Showing a linear combination of matrices is nilpotent for any constants

Question

So I have three linear operators in a $3$-dimensional vector space $V$ over field $\Bbb k$ whose matrices w.r.t basis of $V$ are

$$X= \left(\begin{matrix}1 & 0 & 1\\ 1 & 0 & 1\\ -2 &1 &-1 \end{matrix}\right)$$

$$Y= \left(\begin{matrix}1 & -1 & 0\\ 1 & -1 & 0\\ -2 &2 &0 \end{matrix}\right)$$

$$Z= \left(\begin{matrix}1 & 0 & 1 \\ 1 & 0 & 1\\ -1 &0 &-1 \end{matrix}\right)$$

I have to show that any linear combination of these matrices (with coefficients in $\Bbb k$) is nilpotent. What kind of approach should I be taking here? Thanks

Answer 1

Edit: Answer may be incomplete. I will revisit when I have time.

Note that this isn't a very elegant answer. Perhaps there is a better way.

Taking a cue from Jean-Claude Arbaut's comment, I've used octave to verify that $Y^2 = 0$ and $Z^2 = 0$.

I've also verified that $X^2 Y = 0$, $X^2 Z = 0$ and $X Y Z = 0$.

Note also that $X^3 = Y^3 = Z^3 = 0$, since the operators have to be nilpotent.

Order of the terms don't matter, since the null spaces grow regardless of the order to take up the entire 3 dimensions.

The above shows that the expansion of $(aX+bY+cZ)^3$ has to be zero, since the expansion involves all of the above terms multiplied by a matrix and/or constant.

Answer 2

$\newcommand{\Span}[1]{\langle #1 \rangle}$This is a drastic simplification of my previous solution - should have thought of it before, as there is a sound theoretical reason for it.

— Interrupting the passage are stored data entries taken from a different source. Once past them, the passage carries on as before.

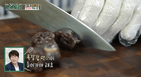 12. 붐씨 순대 좀 먹을 줄 아시네요. 뜨거운 순대를 자를 때, 목장갑 끼고 자르시는 어남선생님.
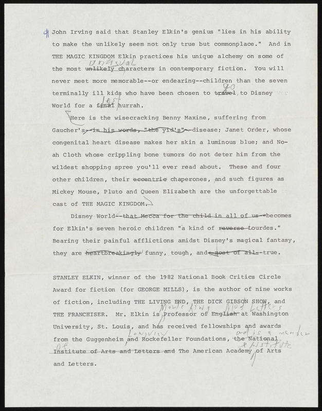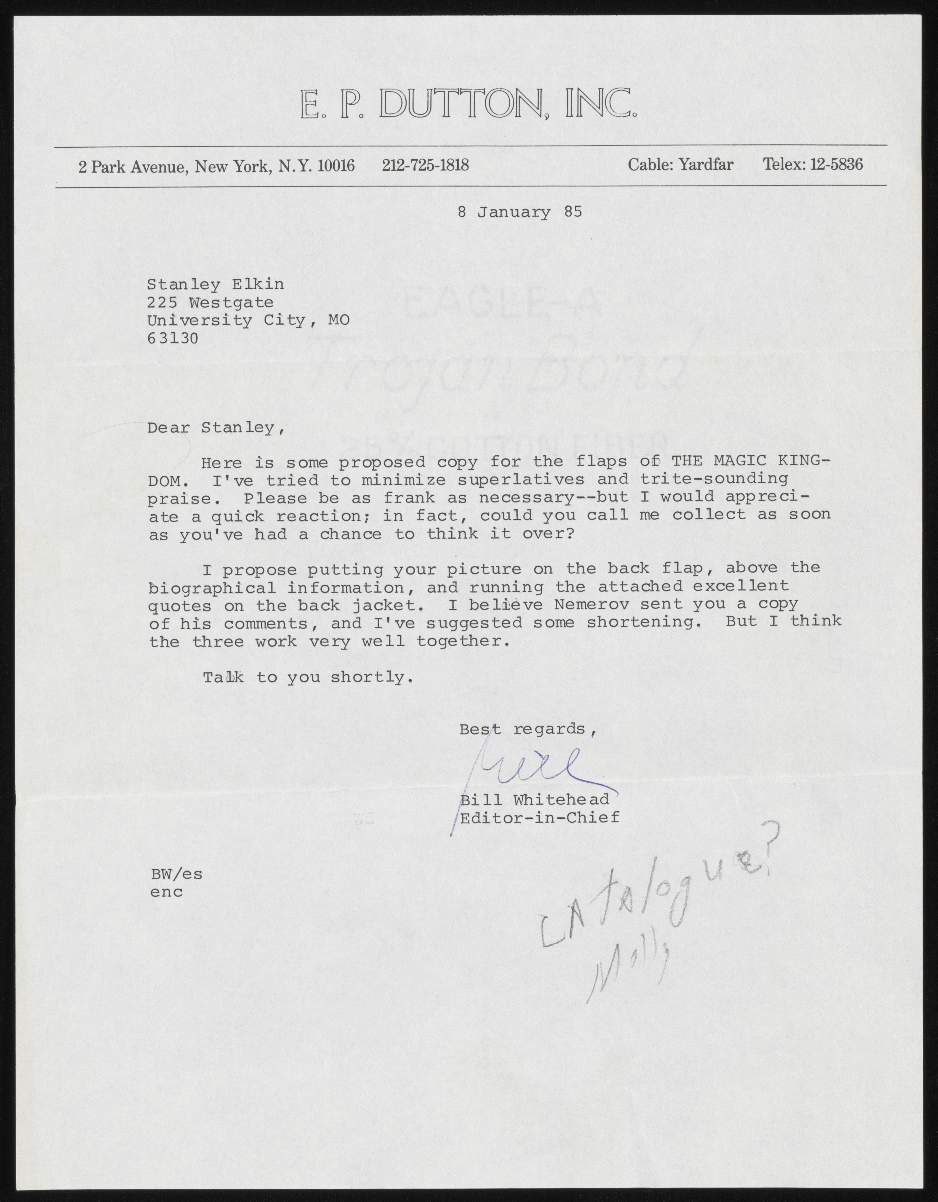 Whitehead, Bill. Letter. 1985. “Whitehead to Elkin, With Flap Copy”, 1985, Stanley and Joan Elkin’s Artistic Kingdom, accessed February 11, 2026, https://digitalexhibits.library.wustl.edu/s/elkin/item/58568
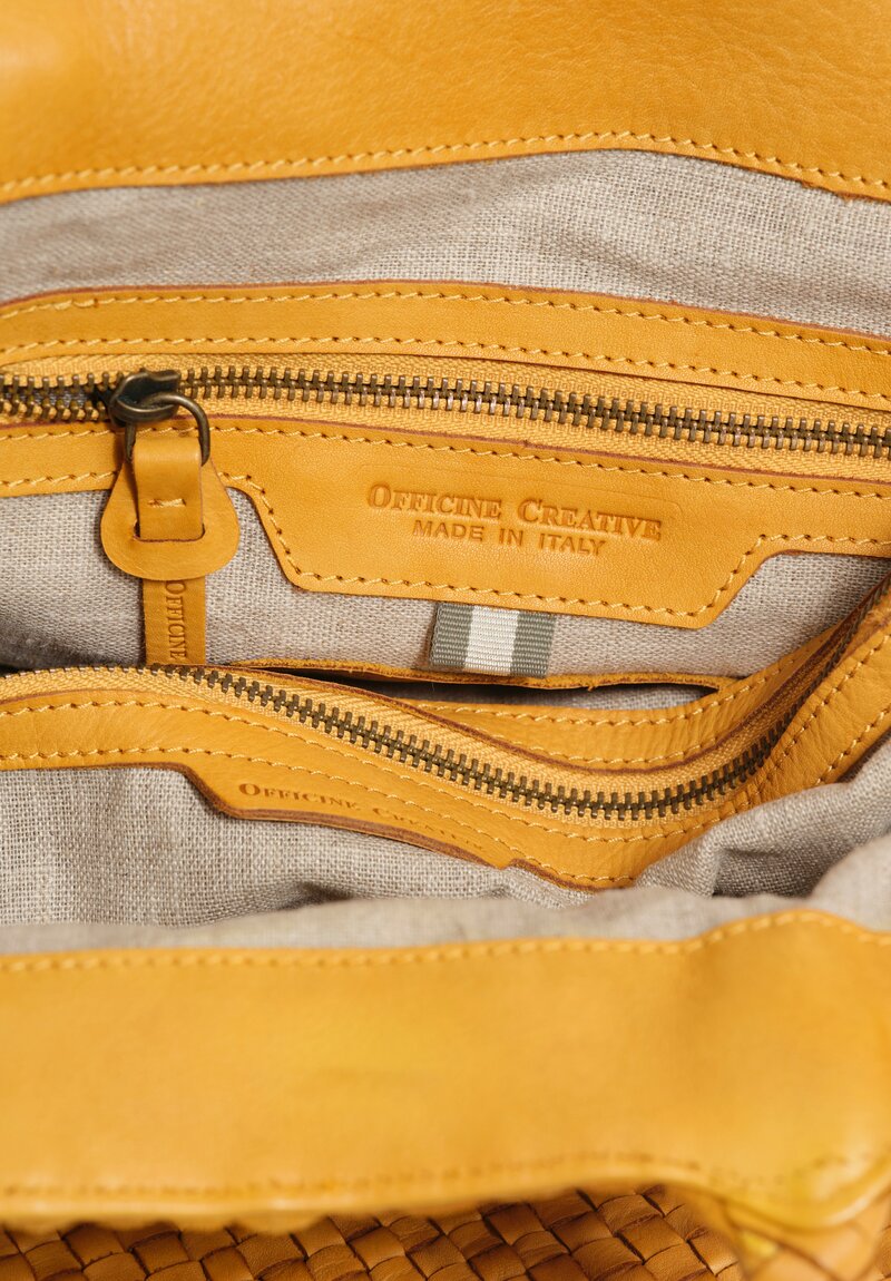 Officine Creative Woven Leather Large Trapezoid Class Tote in Mustard Yellow
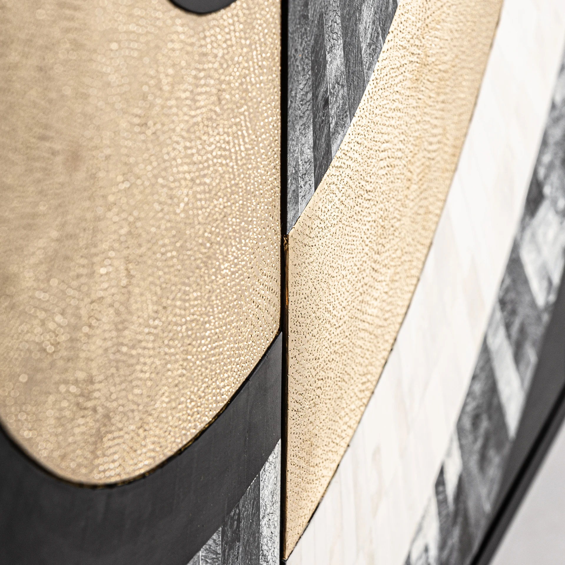 Bufet daru, stil contemporan, realizat din lemn mdf negru, combinat cu os alb si alama aurie. Produs demontabil.
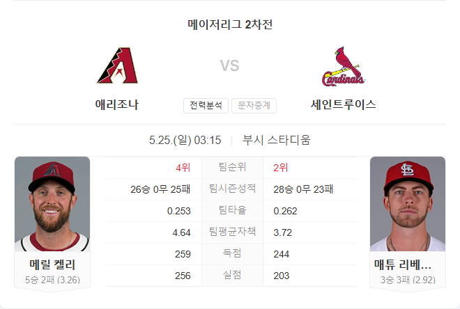 5월 25일 MLB 메이저리그 애리조나 다이아몬드백스 VS 세인트루이스 카디널스 타카짱의 경기 예측 분석
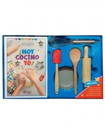 Está presentado en un cofre que incluye palo de amasar, batidor de mano, espátula, cuchara de madera y moldes para tarteleta.
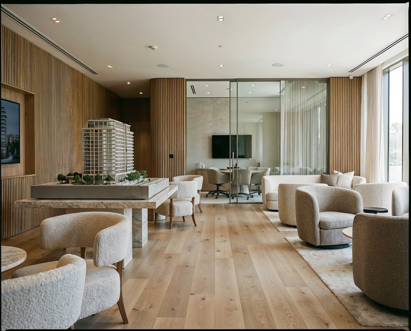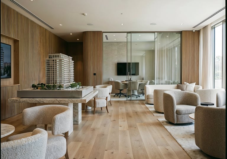 Design of immersive sales environments where developers can showcase the project through models, renders, and curated interior experiences.

Let us rewrite $X, Y, Z$ in terms of the basis $$ e_1, e_1 + e_2 - 2 e_3, e_1 + e_2 - e_3. $$ We have $$ X : e_{1} \mapsto e_1 + e_2 - 2 e_3 \mapsto e_1 + e_2 - e_3 \mapsto 0 $$ $$ Y : \begin{cases} e_1 \mapsto e_1 + e_2 - 2 e_3 \mapsto 0\\ e_1 + e_2 - e_3 \mapsto 0 \end{cases} $$ $$ Z : \begin{cases} e_1 \mapsto e_1 + e_2 - e_3 \mapsto 0\\ e_1 + e_2 - e_3 \mapsto 0 \end{cases} $$

So rewriting the matrices $X', Y', Z'$ with respect to this new basis we have $$ X' = \begin{bmatrix} 0 & 0 & 0\\ 1 & 0 & 0\\ 0 & 1 & 0\\ \end{bmatrix}, \quad Y' = \begin{bmatrix} 0 & 0 & 0\\ 1 & 0 & 0\\ 0 & 0 & 0\\ \end{bmatrix}, \quad Z' = \begin{bmatrix} 0 & 0 & 0\\ 0 & 0 & 0\\ 1 & 0 & 0\\ \end{bmatrix}.$$

So these three matrices span the space of strictly lower triangular matrices $$ \left\{\ \begin{bmatrix} 0 & 0 & 0\\ a + b & 0 & 0\\ c & a & 0\\ \end{bmatrix} : a, b, c \in \mathbb{k}\ \right\} = \left\{\ \begin{bmatrix} 0 & 0 & 0\\ s & 0 & 0\\ u & t & 0\\ \end{bmatrix} : s, t, u \in \mathbb{k}\ \right\}, $$ which is well-known to consist of nilpotent matrices.

So they point is (and I should have thought of it immediately) that the three matrices can be put simultaneously in strictly lower triangular form.